Involuntarily, I pressed Marzoli's card to my lips.

Schwing.

I looked down at the sudden tenting in my sweatpants.

For real? Just from his business card?

Mr. Perfect crossed to the kitchen, holding a pair of pliers. No, they  were smaller than pliers. They were wire cutters. I recognized the  orange grips from the last time Mrs. Layworth attempted to wire a  painting of a rainy Parisian café to hang it on the kitchen wall.  Although I seemed to be increasingly open to all sorts of sexual  variations, for the life of me I could not imagine what role a pair of  wire cutters would play into any behind-the-curtains misbehavior.

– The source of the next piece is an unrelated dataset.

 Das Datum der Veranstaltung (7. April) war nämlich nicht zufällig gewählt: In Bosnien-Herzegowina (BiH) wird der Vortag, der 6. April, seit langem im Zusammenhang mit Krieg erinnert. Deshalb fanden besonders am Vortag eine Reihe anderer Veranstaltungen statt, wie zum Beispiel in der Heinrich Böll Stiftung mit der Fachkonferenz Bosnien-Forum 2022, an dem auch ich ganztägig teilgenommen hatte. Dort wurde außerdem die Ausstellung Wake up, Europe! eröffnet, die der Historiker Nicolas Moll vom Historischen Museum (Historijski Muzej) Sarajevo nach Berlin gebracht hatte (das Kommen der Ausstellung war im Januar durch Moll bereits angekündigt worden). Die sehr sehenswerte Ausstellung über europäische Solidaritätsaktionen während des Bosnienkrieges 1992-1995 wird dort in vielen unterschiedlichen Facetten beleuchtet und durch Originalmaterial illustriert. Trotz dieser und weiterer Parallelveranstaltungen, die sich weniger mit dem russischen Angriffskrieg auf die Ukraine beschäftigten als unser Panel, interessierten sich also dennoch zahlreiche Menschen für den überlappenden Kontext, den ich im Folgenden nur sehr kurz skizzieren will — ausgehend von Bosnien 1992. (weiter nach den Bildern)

As my mind began to explore any and all avenues of possibility to  explain their function, Mr. Perfect performed a very simple act that  caught my full attention, banishing every last grain of  three-in-the-morning haziness.

He washed the wire cutters in the kitchen sink, scraped off what looked  like dark, dried grease with a paper towel, and placed the tool in a  kitchen drawer. Not just placed it. He opened the drawer entirely,  buried it in the very back, and closed it. Then walked the paper towel  back through the bedroom to the bathroom …

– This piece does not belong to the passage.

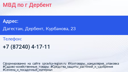 МВД по г. Дербент по адресу Дагестан, Дербент, Курбанова, 23 в дальнейшем Организация, размещена в следующих категориях:

 … and flushed it down the toilet!

I've no doubt that would have passed completely unnoticed by any casual  observer amidst the whirlwind of courtyard activities on any given  afternoon, but to a spy of my caliber at three in the morning, this  activity riveted my attention at every level. It was so oddly out of  sync with normal behavior.

What the hell would anyone do with wire cutters at three in the morning  with his wife? There were no other tools. No hammer. No nail. Come to  think of it, I hadn't seen any wire. Why place it in the back of the  drawer? It implied concealment. But why conceal something as innocuous  as a wire cutter? More importantly why flush the paper towel?

An anal retentive personality might be motivated to wipe a tool clean of  oil and grease, but why not throw the paper towel into the garbage?  Someone suffering from an obsessive-compulsive disorder might feel  compelled to dispose of any grime from his house in order to restore  some psychological peace. But this was not the case with Mr. Layworth.  This was the same man who, earlier in the evening, slathered lube onto  his butthole, onto Ruben's dick, and then impaled himself on that  stranger's freshly-slicked rod, letting white foam froth between his  cheeks. This was a man who had no hesitation face-sucking a complete  stranger without even a breath mint. It was not consistent that this  same man would, hours later, feel compelled to dispose of a paper towel  he used to clean a tool down a toilet.